WordPress sent me a synopsis of my blog’s stats (where are readers coming from, what do they read, etc.) for the year 2011. So, I thought I would look at what posts got the most attention this year. Surprisingly, of the top 12 posts, only one was written this year! Despite having an all-time readership number this year, it appears that older posts get the most attention. I can interpret this in two ways: my writing used to be better (or had more appealing titles? ) or, my writing has staying power.
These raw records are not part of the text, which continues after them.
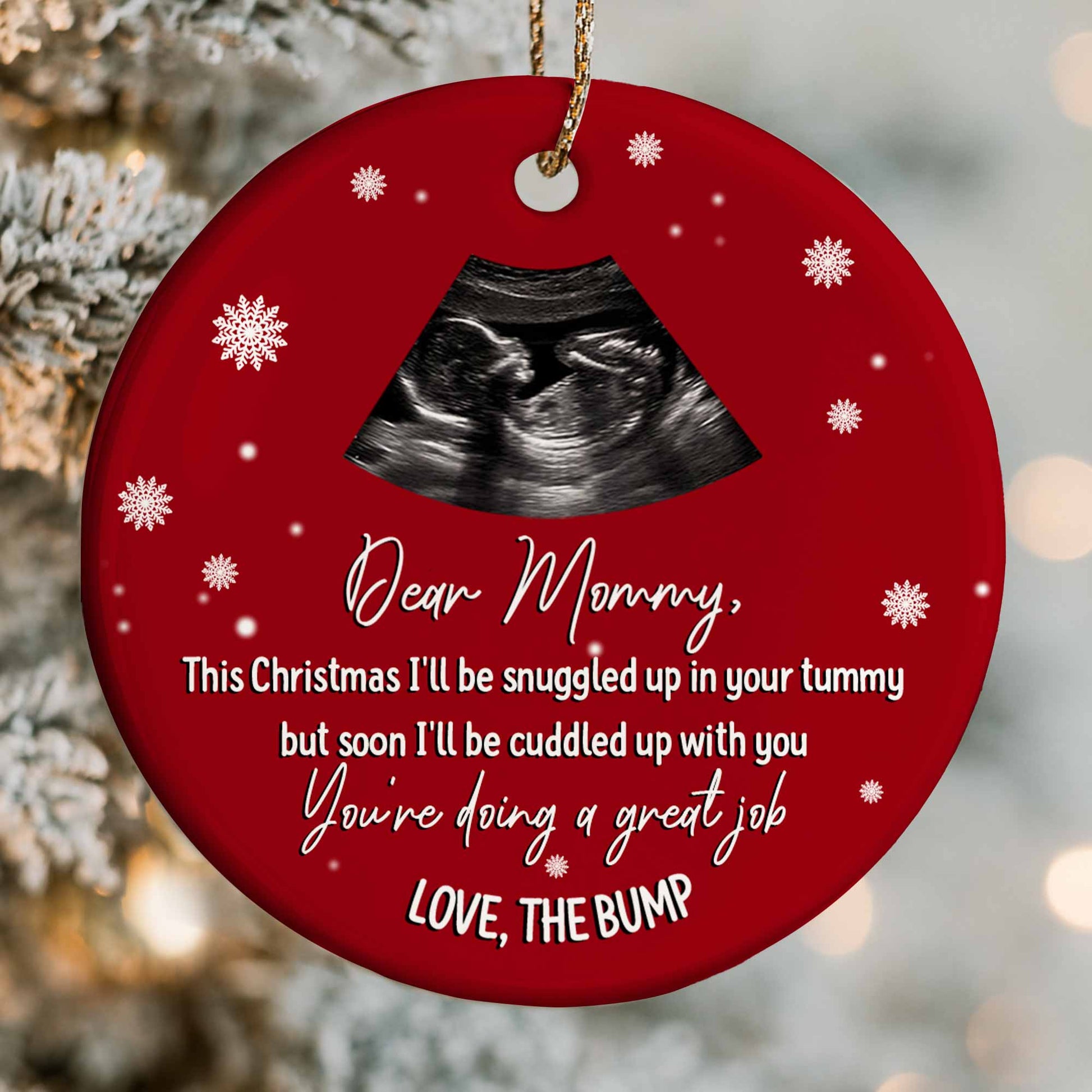 Dear Mommy Love The Bump With Ultrasound Image, Custom Ceramic Ornament, Gift For Expecting Mothers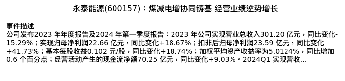 值得注意的是:2024年04月山西证券的胡博/刘贵军分析师,首次发布关于永泰能源的研究报告,标题为:永泰能源(600157):煤减电增协同铸基 经营业绩逆势增长。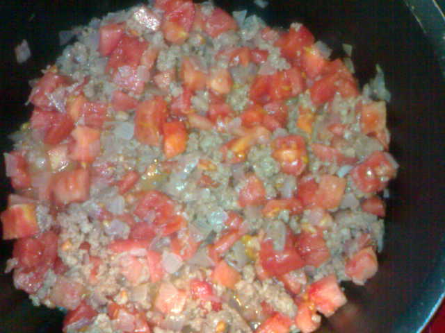 بنقشر البندورة وبنقطعها مثل ما بتقطيها للسلطة بس اكبر شوي وبنحطها مع اللحمة وبنقلبها

Hmm. which interpretation is psychologically more appealing to me?

Anyway, here are the 12 top clicked posts in descending order (and their year first posted) of 2011. Each title is a hotlink to the post. [It doesn’t count those posts read through social networks or my homepage. Mostly this counts those posts read by clicking the right hand “top posts” list or by search engine results]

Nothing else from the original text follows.